Last week, the Associated Press’s Twitter account was hacked by an experienced rogue group of hackers. If you’re not familiar with what happened, AP’s Twitter account announced that explosions had erupted at the White House and that President Barack Obama had been injured in the attack. The Dow Jones Industrial subsequently – although briefly – dropped well over 100 points. It rebounded shortly thereafter after the AP acknowledged the hack.
None of this was – or is true. To learn more details of the hack, check out this report on NPR.
Please pause and consider the ramifications of this significant event. An announcement that the President of the United States has been injured not only causes concern for the Office, but for the state of national security as well. It implies political instability and could yield a variety of damaging effects had the Associated Press not addressed the breach as quickly and publicly as it did. Consider, if you will, the consequences of the drop in the stock market and the short-term frenzy that it cause. While the hack was short-lived, it is indeed reminiscent of the events immediately following September 11, 2001.

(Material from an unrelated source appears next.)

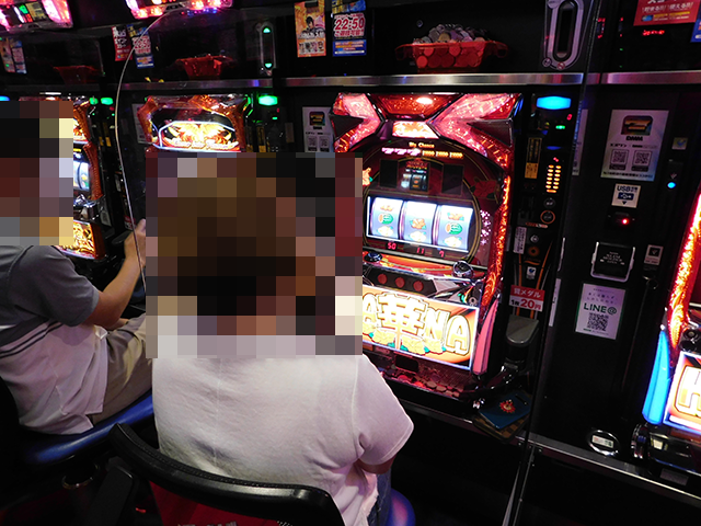 隣に設置された「スーパーハナハナ-30」にもイキイキと遊技をおこなっている姿があり、機種の性能を引き出していることがうかがえた。

Now some six years into my social media journey, I still cross paths with folks who maintain that “social media doesn’t matter.” Some naysayers deem social media a fad, a passing trend or flights of fancy for Generation Y. Many of us now get our new from social media, flawed though it may be. While much of the information released via social media during the wake of the tragic recent Boston Marathon bombings was false, some of the most important – and current – information is also released via social media. The most important tweet during a five-day siege of fear was released by Boston Police Department: “CAPTURED!!! The hunt is over. The search is done. The terror is over. And justice has won. Suspect in custody.”
Social media matters more than ever before.